The new-oak rule is what gives American whiskey its color and its core caramel and vanilla notes. It is also the reason Scotch and Irish whiskeys, which use refilled bourbon casks, taste the way they do. The rule itself does not require any minimum aging time; a separate aging requirement applies if a producer wants to label the bottle "straight" Tennessee whiskey, but that is a separate question.
Entered into the barrel at no more than 125 proof (62.5% ABV)
After distillation, the spirit is usually cut with water before going into the barrel, and the federal bourbon standard caps how strong it can be at the point of entry: no more than 125 proof, or 62.5% ABV.
The reason for the cap is extraction. A spirit going into the barrel at lower proof is wetter (more water, less alcohol), and water and alcohol pull different compounds out of the charred wood at different rates. Capping entry proof shapes what the spirit takes from the cask during aging.
Bottled at no less than 80 proof (40% ABV)

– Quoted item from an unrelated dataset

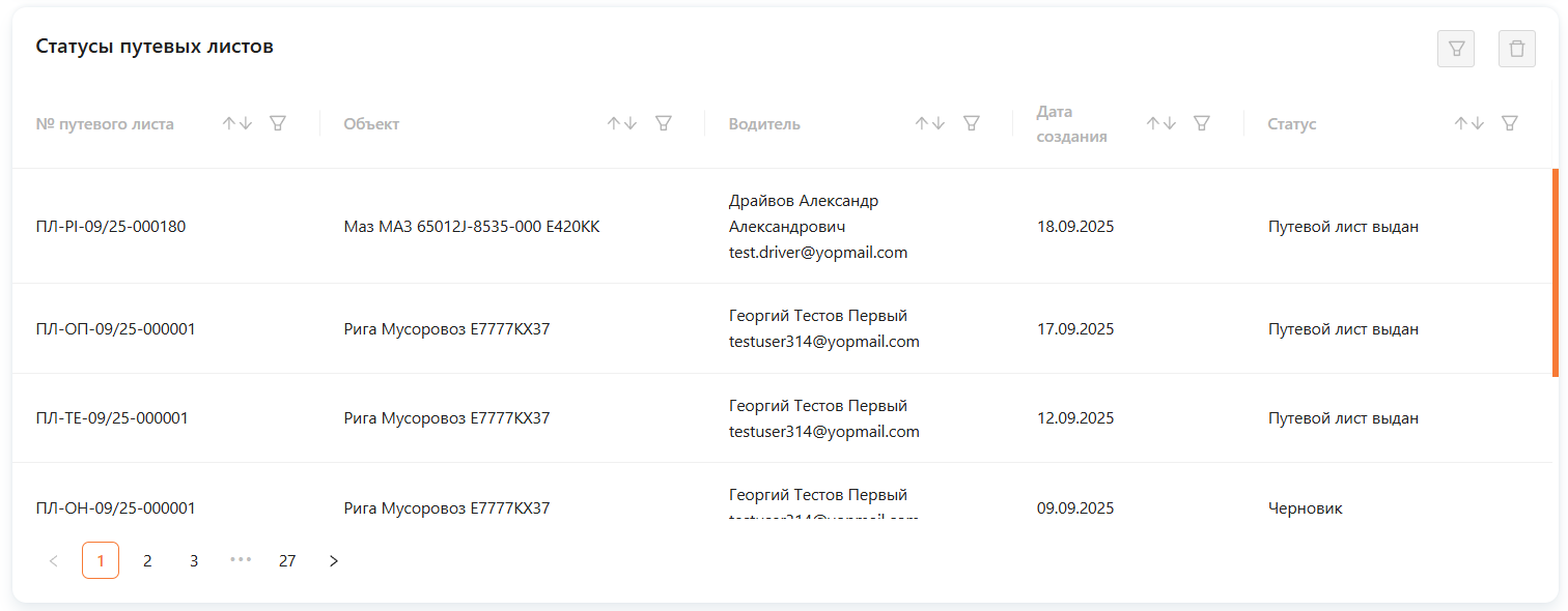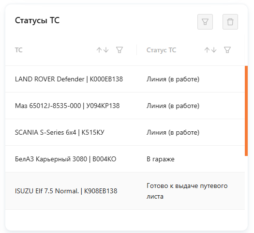 Виджет "Статусы путевых листов" отображает статусы всех текущих путевых листов, за исключением завершённых и архивных (см. рисунок 35). Как и на главной странице доступна фильтрация по столбцам.

Below 80 proof (40% ABV), a spirit cannot legally be sold as whiskey of any kind in the United States, Tennessee or otherwise. This bottling floor is the broader US whiskey standard, which Tennessee whiskey inherits the same way bourbon does. Most Tennessee whiskey on the shelf ships at 80 to 100 proof. Cask-strength bottlings, which are diluted less or not at all, run higher.

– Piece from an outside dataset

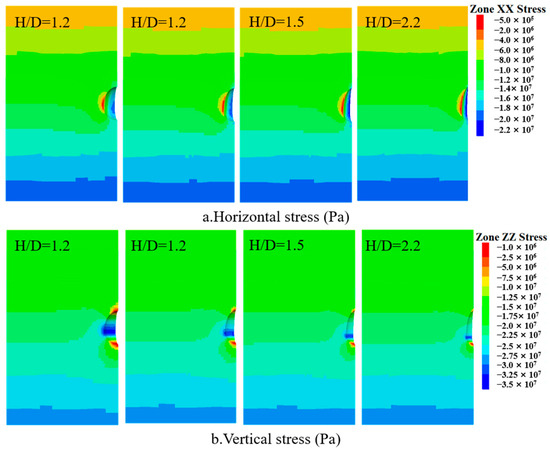 Surrounding rock stress during the operation phase under different height-to-diameter ratios.

The Benjamin Prichard's exemption
There is one asterisk on the Lincoln County Process rule. When the Tennessee statute was codified in 2013, Benjamin Prichard's Distillery had been making Tennessee whiskey without charcoal-filtering since 1997, and the legislature wrote them a specific exemption into the law. Prichard's is the only legal Tennessee whiskey producer that does not have to filter through sugar-maple charcoal.
The exemption matters less for what it lets Prichard's do and more for what it reveals about the rule itself. The Lincoln County Process requirement was drawn up to match the practice of every major Tennessee producer except one, and the law was then written to let that one keep doing what it had always done. The category boundary is statutory, not chemical: Prichard's product is still legally Tennessee whiskey, and the rule everyone else has to follow has a name on the exception list.

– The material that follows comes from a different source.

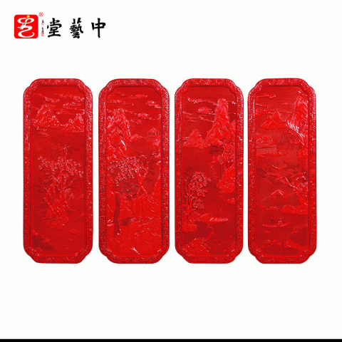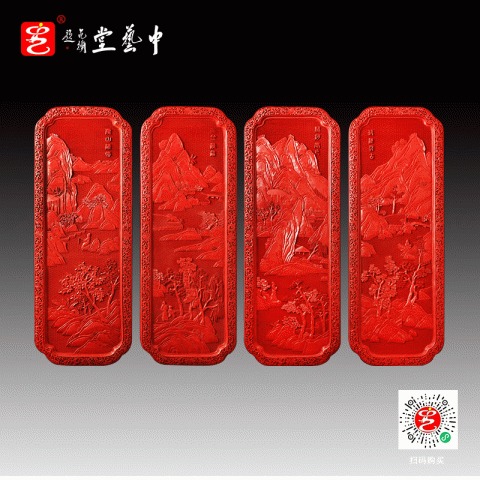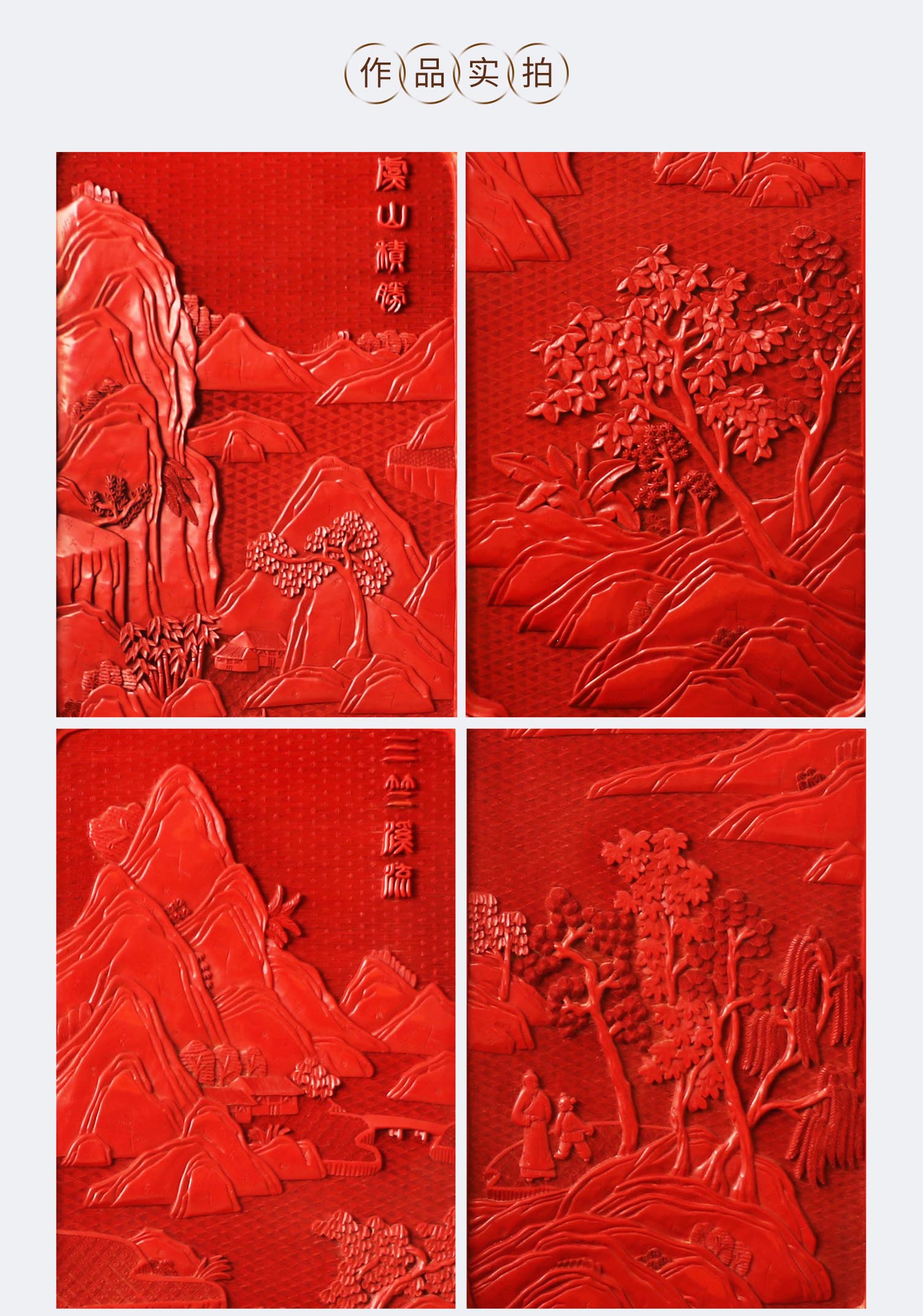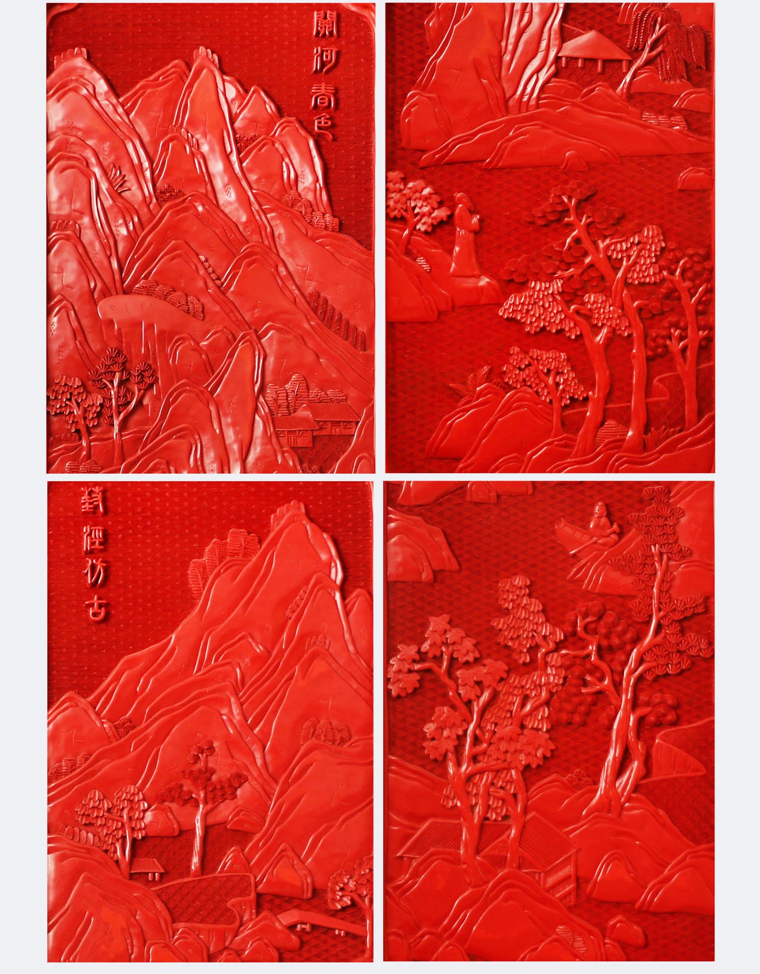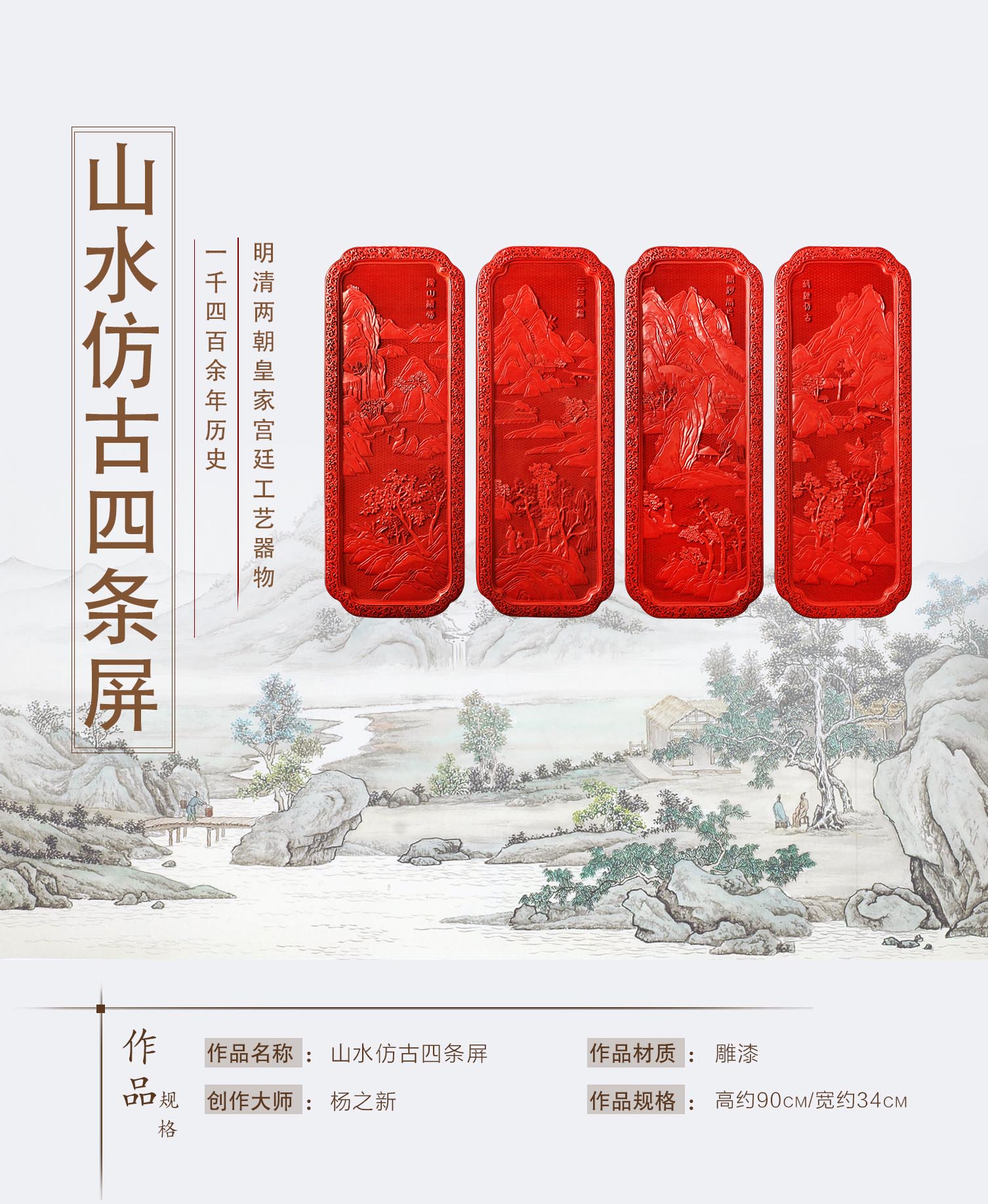 【中藝堂】杨之新 雕漆《山水仿古四条屏》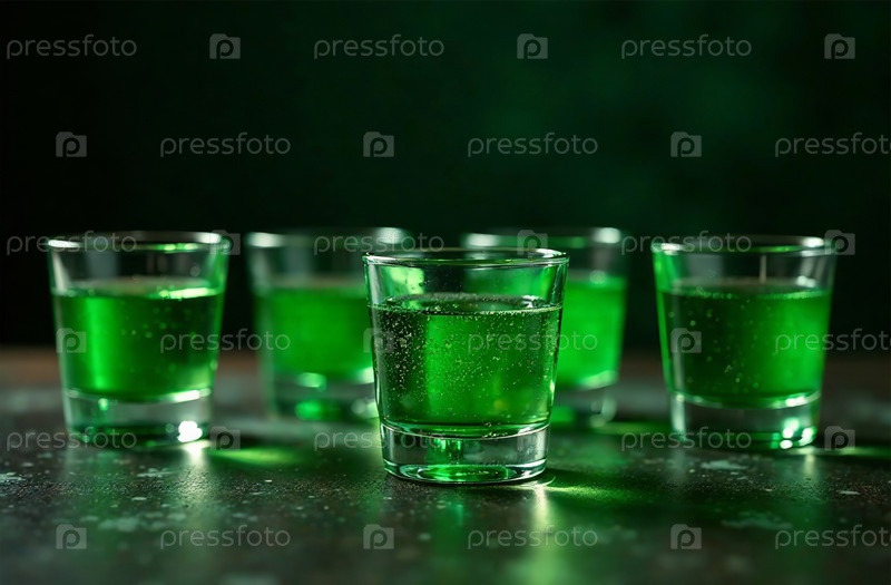 Стакан абсента темный фон. Фото напитка бар ресторан. Генеративный искусственный интеллект

How the rules compare to the federal bourbon standard
Five of the seven rules above are not Tennessee inventions. They are the federal standard for bourbon, which Tennessee whiskey inherits and then layers two more rules on top of. Laid out side by side, the structure becomes legible at a glance:
| Rule | Federal bourbon standard | Tennessee whiskey |
|---|---|---|
| Place of production | Anywhere in the US | Tennessee only |
| Mash bill | At least 51% corn | At least 51% corn |
| Distillation proof | No more than 160 proof | No more than 160 proof |
| Cask | New charred oak | New charred oak |
| Barrel entry proof | No more than 125 proof | No more than 125 proof |
| Bottling proof | At least 80 proof | At least 80 proof |
| Lincoln County Process | Not required | Required (Prichard's exempt) |
Five rows match exactly. Two rows (the place rule and the Lincoln County Process) are the Tennessee additions. Looked at this way, Tennessee whiskey and bourbon are not really separate categories so much as a category and its regional variant.
What it takes to put 'Tennessee Whiskey' on a label
Of the seven rules, only two are things a producer has to do specifically because they want the Tennessee whiskey designation. The made-in-Tennessee rule and the Lincoln County Process are the legal price of admission to the category. The other five rules are what the producer would be doing anyway to qualify as bourbon, because they are the federal bourbon standard.
The mental model that captures it: Tennessee whiskey equals bourbon, plus Tennessee, plus the Lincoln County Process, with one historical asterisk for Prichard's. In legal shape, Tennessee whiskey is a regional subset of bourbon, even though the industry markets it as its own category.